American computer scientist and author (died 2024)

Charles Edge was an American computer scientist, author, podcaster, and a contributing author for Inc.com and Huffington Post.

Edge spent 15 years as the Chief Technology Officer of 318 Inc in Santa Monica and 5 years at Jamf. At the time of his death, he was the Chief Technology Officer of Bootstrappers.mn and HandrailUX. Edge spoke at Defcon, Blackhat, LinuxWorld, MacSysAdmin, and a number of other conferences.

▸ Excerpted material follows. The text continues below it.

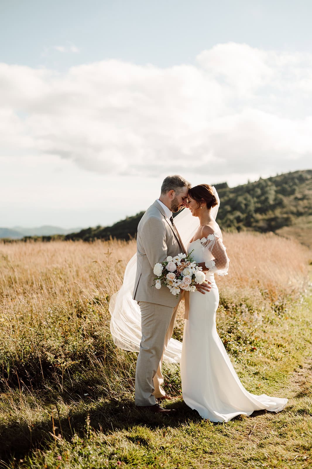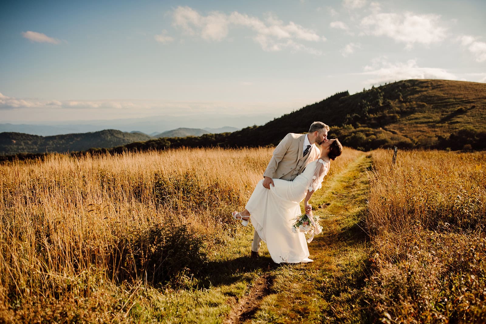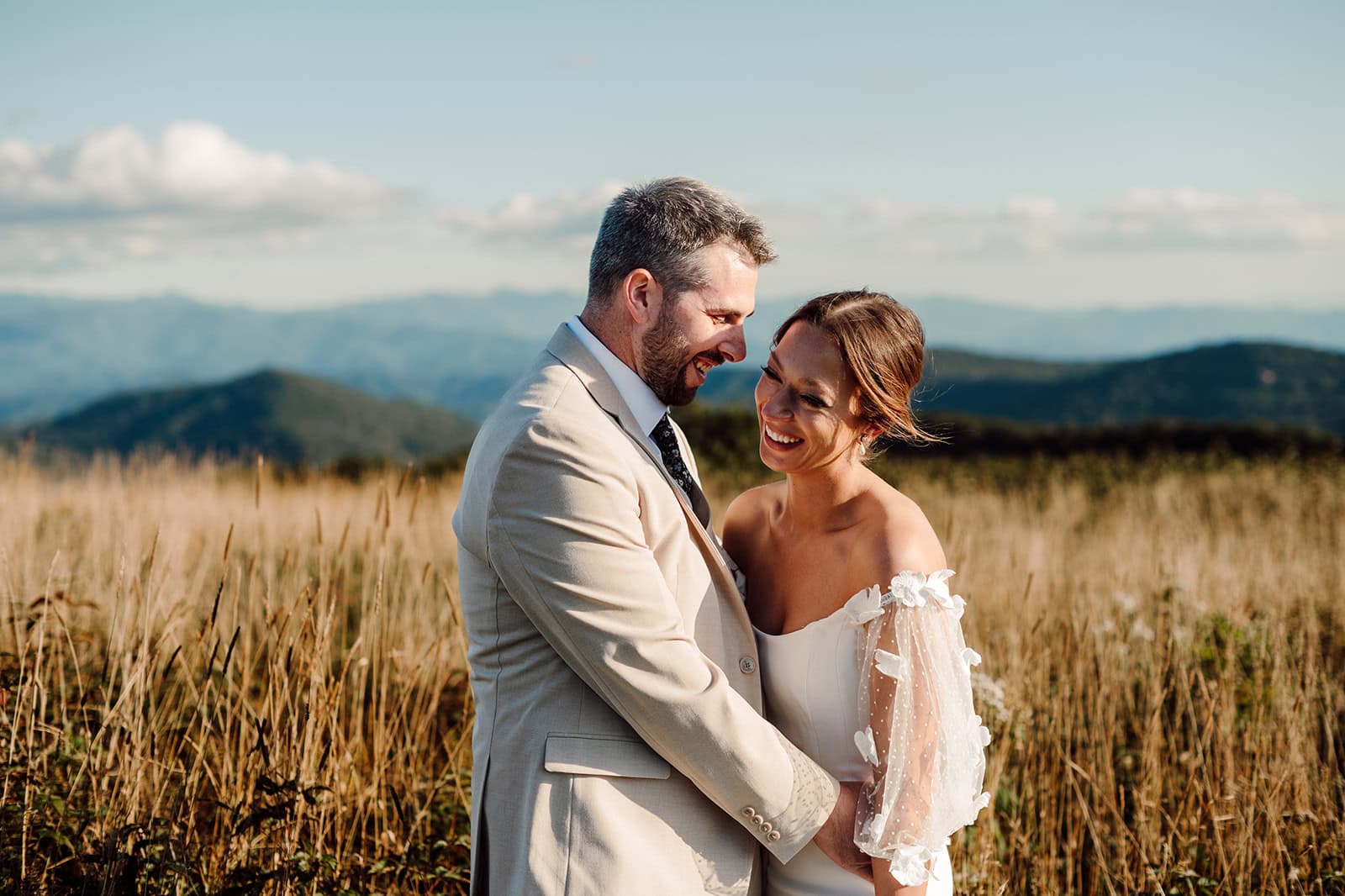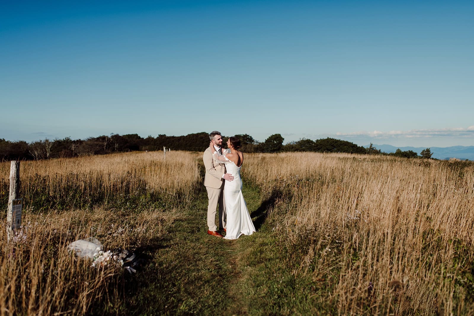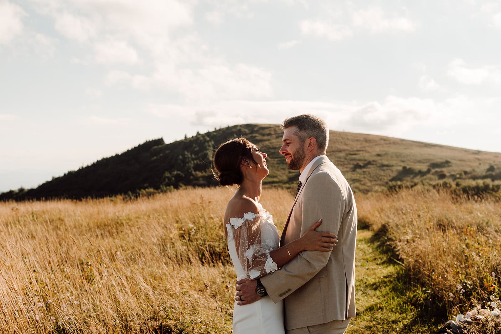 Surrounded by nature and their loved ones, Morgan and Brent exchanged vows in a ceremony that was both intimate and awe-inspiring on the back deck of their vacation rental. Then the couple chose Big Bald Mountain, a grassy summit along the Appalachian Trail, for their couple’s portraits. With 360-degree views of the Blue Ridge Mountains, it was the perfect chance for the newlyweds to get away briefly and soak up the beauty of Western North Carolina.

Edge died on April 19, 2024.

== Bibliography (author) ==
- Mac Tiger Little Black Book. Paraglyph Press, February 2006, ISBN 1-933097-14-0
- Web Scripting Little Black Book. Paraglyph Press, April 2007, ISBN 1-933097-19-1
- Foundations of Mac OS X Security. Apress, March 2008, ISBN 1-59059-989-6
- Enterprise Mac Administrators Guide. Apress, October 2009, ISBN 1-4302-2443-6
- Foundations of Mac OS X Snow Leopard Security. Apress, February 2010, ISBN 1-4302-2730-3
- Beginning Mac OS X Server. Apress, February 2010, ISBN 1-4302-2772-9
- Mac OS X Lion Server. O'Reilley, January 2011, ISBN 1-4493-1605-0
- Using Apple Configurator. Packt, January 2012, ISBN 1849694060
- Take Control of OS X Yosemite Server. TidBits, January 2013, ISBN 978-1-61542-435-1
- Take Control of OS X Mavericks Server. TidBits, January 2014, ISBN 978-1-61542-435-1
- Learning iOS Security. Packt, January 2015, ISBN 1783551747
- Enterprise Mac Administrators Guide.Apress, September 2015, ISBN 1430224436
- Fundamentals of Mac OS X 10.11 Security.Apress, September 2015, ISBN 148421711X
- Enterprise Mac Security. Apress, ISBN 148421711X
- Build, Run, and Sell Your Apple Consulting Practice. Apress, August 2018, ISBN 9781484238349
- Apple Device Management. Apress, January 2020, ISBN 1484253876
- The ABCs of Computers (2022)
- The Startup Field Guide (2022)
- The History of Computers (2023)

== Podcasts ==
Edge maintained the following podcasts:

- MacAdmins Podcast https://podcast.macadmins.org
- Jamf After Dark Podcast https://podcasts.apple.com/us/podcast/jamf-after-dark/id1434572611
- The History Of Computing https://thehistoryofcomputing.net

== Community work ==
Edge worked on a number of open source projects including precache, swift-ldif-csv, and jssimporter and served on the board of directors of Tamarisk and on the corporate council of the Guthrie Theater.

Edge spoke at Black Hat 2007 and was scheduled to give a speech on a vulnerability of the Mac OS X FileVault at Black Hat 2008 but the talk was pulled after he cited a non-disclosure agreement the talk would violate. The talk was later disputed having ever existed.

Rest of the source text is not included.